Data to process =>
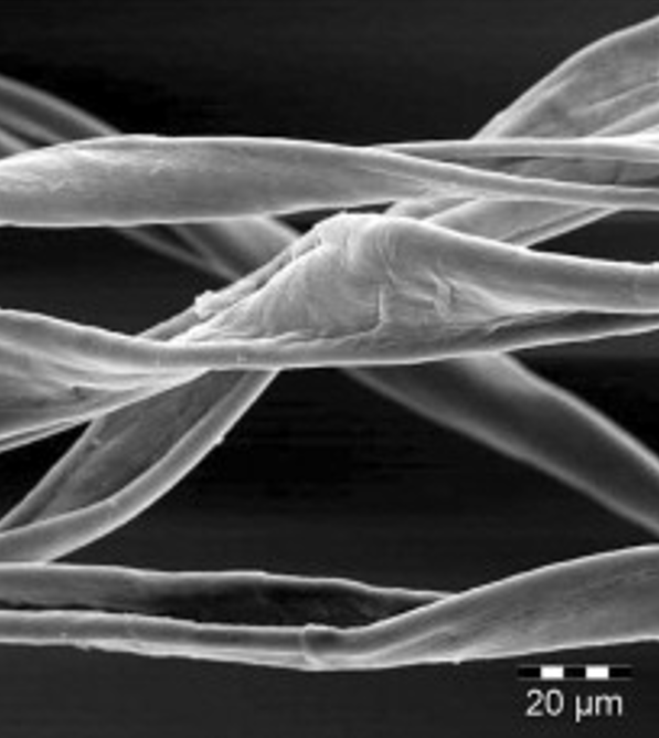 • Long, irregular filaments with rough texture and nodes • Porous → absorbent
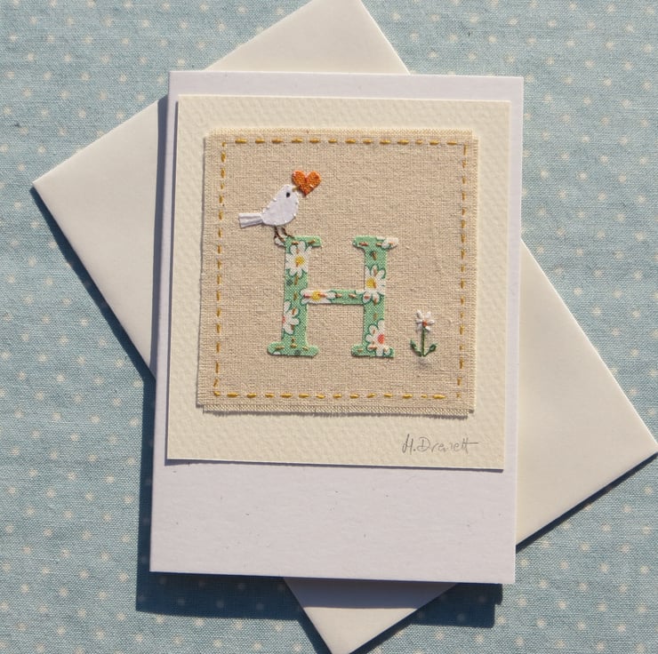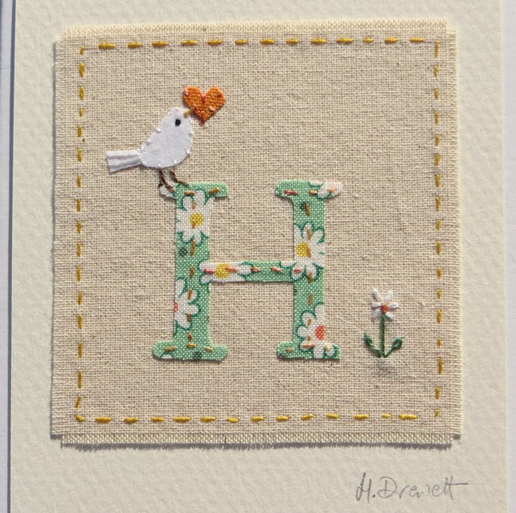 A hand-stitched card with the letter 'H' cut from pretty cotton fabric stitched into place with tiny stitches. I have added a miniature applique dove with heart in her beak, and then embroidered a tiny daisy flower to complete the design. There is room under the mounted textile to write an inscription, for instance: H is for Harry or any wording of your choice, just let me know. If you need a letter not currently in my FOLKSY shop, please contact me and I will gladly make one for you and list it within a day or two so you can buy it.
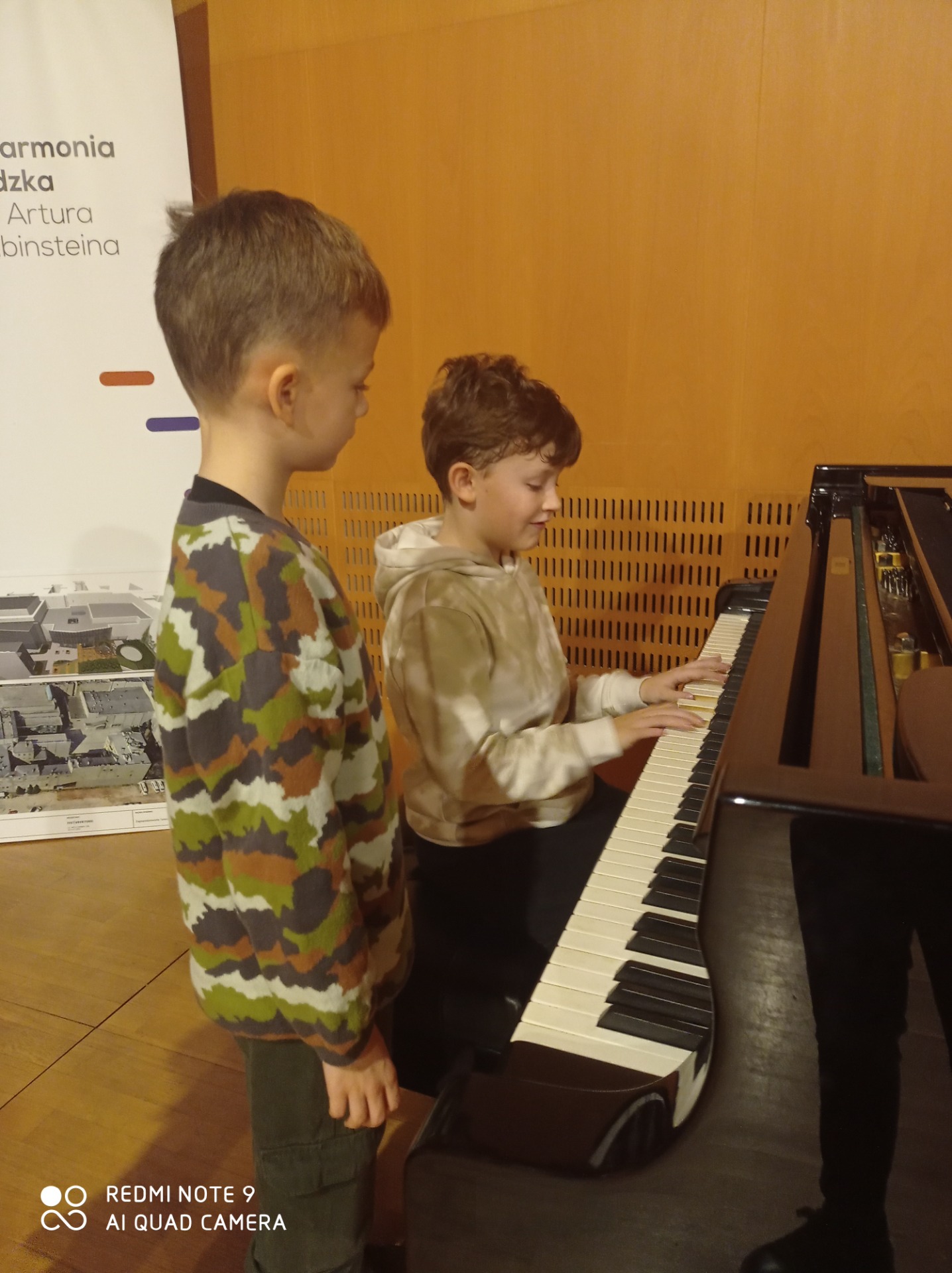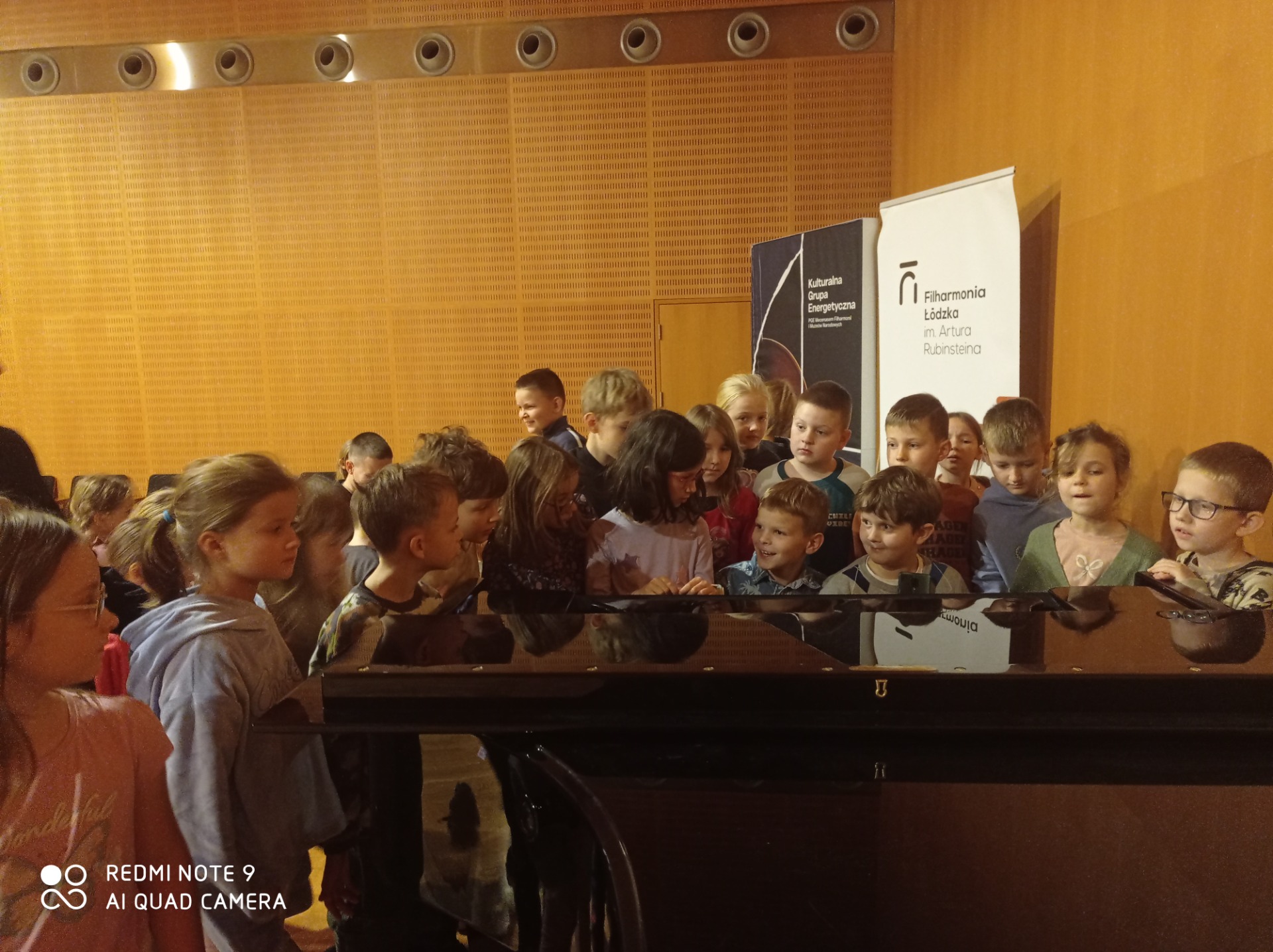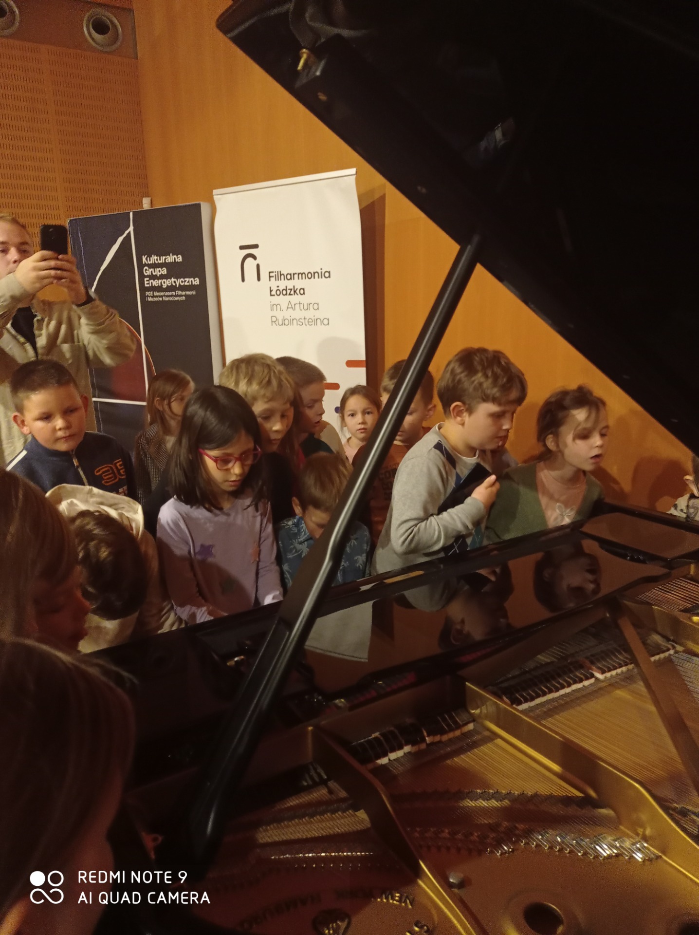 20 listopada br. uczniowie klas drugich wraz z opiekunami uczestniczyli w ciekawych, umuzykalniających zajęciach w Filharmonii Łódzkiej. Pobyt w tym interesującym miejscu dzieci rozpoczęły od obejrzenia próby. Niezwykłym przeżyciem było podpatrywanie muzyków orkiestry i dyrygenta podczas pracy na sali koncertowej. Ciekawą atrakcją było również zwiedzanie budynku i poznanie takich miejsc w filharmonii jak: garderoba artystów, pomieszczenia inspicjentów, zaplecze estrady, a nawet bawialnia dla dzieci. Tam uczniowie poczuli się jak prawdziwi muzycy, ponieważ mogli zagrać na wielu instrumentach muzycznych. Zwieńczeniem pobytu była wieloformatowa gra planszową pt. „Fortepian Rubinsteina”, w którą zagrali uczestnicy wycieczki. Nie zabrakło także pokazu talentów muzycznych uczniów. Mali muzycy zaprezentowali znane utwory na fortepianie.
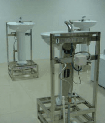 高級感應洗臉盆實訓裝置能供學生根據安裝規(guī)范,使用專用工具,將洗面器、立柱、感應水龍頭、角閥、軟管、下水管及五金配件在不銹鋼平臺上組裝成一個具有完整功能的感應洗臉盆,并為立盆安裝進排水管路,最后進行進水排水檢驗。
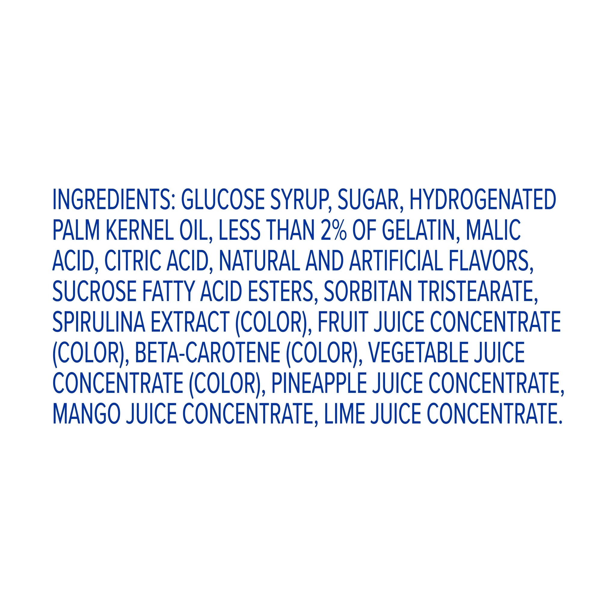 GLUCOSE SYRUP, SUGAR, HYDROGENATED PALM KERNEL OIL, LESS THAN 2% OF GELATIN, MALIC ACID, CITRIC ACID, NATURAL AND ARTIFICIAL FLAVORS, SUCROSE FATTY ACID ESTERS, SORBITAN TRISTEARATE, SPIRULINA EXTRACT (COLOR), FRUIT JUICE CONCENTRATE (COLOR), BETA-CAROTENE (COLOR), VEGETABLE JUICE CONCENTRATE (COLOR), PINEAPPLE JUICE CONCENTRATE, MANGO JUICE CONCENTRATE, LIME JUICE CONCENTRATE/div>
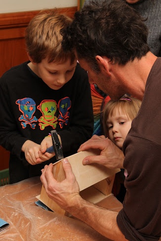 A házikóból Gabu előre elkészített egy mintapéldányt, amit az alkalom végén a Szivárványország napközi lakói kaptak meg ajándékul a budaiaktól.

Exercise requirements => What is needed is an exact copy of the lines from the start of the listing above through the line that holds "A hand-stitched card", with the pictures left out.

Output below =>
 • Long, irregular filaments with rough texture and nodes • Porous → absorbent
 A hand-stitched card with the letter 'H' cut from pretty cotton fabric stitched into place with tiny stitches. I have added a miniature applique dove with heart in her beak, and then embroidered a tiny daisy flower to complete the design. There is room under the mounted textile to write an inscription, for instance: H is for Harry or any wording of your choice, just let me know. If you need a letter not currently in my FOLKSY shop, please contact me and I will gladly make one for you and list it within a day or two so you can buy it.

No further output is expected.